A principal questão está em identificar de que forma, ao longo do tempo, o conceito de
Cruzada é reinterpretado e redefinido por diferentes autores. Seriam as Cruzadas no oriente
levantino equivalentes, ou mesmo idênticas, as Reconquistas na Península Ibérica? O que
difere as Cruzadas de todas as outras formas de realizar a Guerra Santa no medievo cristão?
Existe essa diferença? As Cruzadas encontram sua direta equivalência muçulmana na Jihad?
Ou trata-se de conceitos com diferenças significativas? As Cruzadas como Guerra Santa ou
disfarce para um expansionismo colonialista ocidental no oriente?

3 RESULTADOS e DISCUSSÃO

A história dos conceitos (KOSELLECK, 1992) pressupõe as relações entre as


compreensões adquiridas pelas palavras e os contextos onde estas foram constituídas e
apropriadas, para utilização. “Um conceito relaciona-se sempre àquilo que se quer
compreender, sendo, portanto, a relação entre conceito e o conteúdo a ser compreendido, ou
tornado inteligível, uma relação necessariamente tensa” (KOSELLECK, 1992, p. 136).
Segundo Prost (2008), conceitos tanto podem ser talhados contemporaneamente para servirem
como instrumento de compreensão de determinados elementos de sociedades pretéritas, como
podem ser criados e utilizados por estas sociedades, em períodos recuados, para determinarem
significados em seu próprio funcionamento. Nos dois casos, os conceitos estão abertos a
serem repensados e ressignificados, conforme o contexto e sociedade.

4 CONSIDERAÇÕES FINAIS

O conceito de Cruzadas está fundamentado nas peregrinações, votos religiosos e


indulgencias, identificados nas características das Guerras Santas e que servem de princípios
motivacionais à participação dos crentes. Evidencia-se que os fundamentos presentes nos
conceitos de Reconquista e Jihad, são semelhantes por serem associados à martirização dos
combatentes cristãos e muçulmanos e por serem processos passiveis de constante
ressignificação.
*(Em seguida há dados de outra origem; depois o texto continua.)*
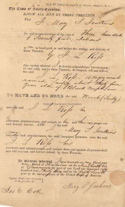 Digital facsimiles of a Bill of Sale of a "Negro wench named Lucky about thirty five years old of Black complexion," sold for $375.00 by Mary S. Jenkins to J.L. Ross, dated June 14, 1833. On verso is documentation of Lucky's transfer from J.L. Ross to James Legare on June 17, 1883.Collection

Entretanto, Cruzadas apresentam atributos específicos, em suas dimensões
espirituais e ideológicas, presentes na representação do sinal da cruz, na imitação do sacrifício
de Cristo e, principalmente, na reconquista do Santo Sepulcro, na Terra Santa, Jerusalém.
Acreditamos que o tema referente as disputas armadas, violências e guerras (pretensamente)
fundamentadas nas religiões, continuam sendo algo muito atual e não apenas medieval. Estes
conceitos permanecem em processo de reformulação para atender interesses político-
econômicos, de nações envolvidas em conflitos bélicos, que conclamam a vontade de Deus
em realizar atos de violência contra seus inimigos.